The Mac OS X dock is a simple thing of beauty: unobtrusive, easy to use and always there. The problem is that on a well-used machine it can soon get a little crowded. You can prioritise as much as you like, but there never seems to be enough room for all your favourite programs. That’s where Overflow comes in.

Overflow is an application, folder and document launcher with a difference. It isn’t a dock replacement. In fact, it sits in your existing dock, ready for launch at any time. Click on it and you get a grid of categorised icons that you can edit. The first time you launch the application you will get a blank canvas with a category named untitled. You can easily rename this category to anything you like, and then add further categories.

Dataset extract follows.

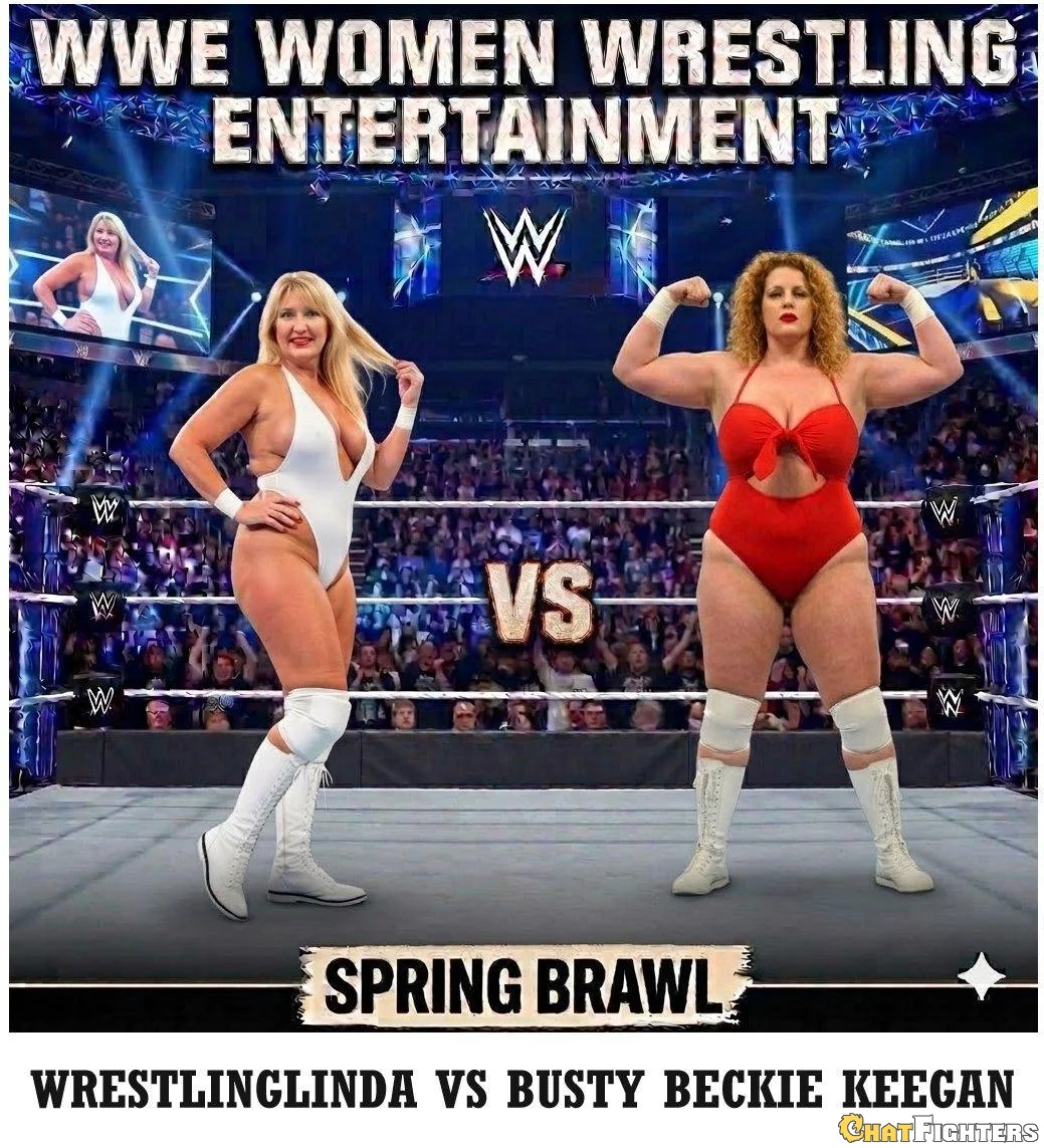 Busty_Beckie_Keegan: We circle for a moment or two, then you raise your arms for a collar and elbow lock-up, I let out a grin and follow your motion, raising my arms. You engage and immediately spread your legs and start grunting as you try to force me back, I brace my thick legs, my powerful thighs bulging as I initially resist your efforts and then...I start to push myself, I have nearly 50lbs on you and your... resistance is futile... you start backpedalling until your back hits the ropes... "Break... break!" the referee yells as I lean on you and push you backwards into the ropes causing them to bow outwards... "Okay... okay..." I grudgingly reply to the ref. I raise my arms for a clean break and then... just as the ropes push you back into the ring, I drop my right arm and fire my right hand in a knife edge chop across your chest...

For example, you might create a category for games, one for creativity tools and another for current documents. To add items to categories you simply drag and drop them into slots in the grid in a similar way to using the dock.

The next time you want to open that document or application, open Overflow and click on the icon. And that’s about it. It’s simple and flexible, giving you fast access to your favourite applications, directories and documents. The main window is full resizable too, so you can fit as many icons as you like into a category.


There’s one final thing worth noting – there are keyboard shortcuts for every action you need to perform in Overflow. There’s a hotkey to start Overflow and, once launched, you can type the first letters of a tool or document to open it. There are more complex application launchers available, but Overflow does exactly what it says on the tin elegantly and with ease.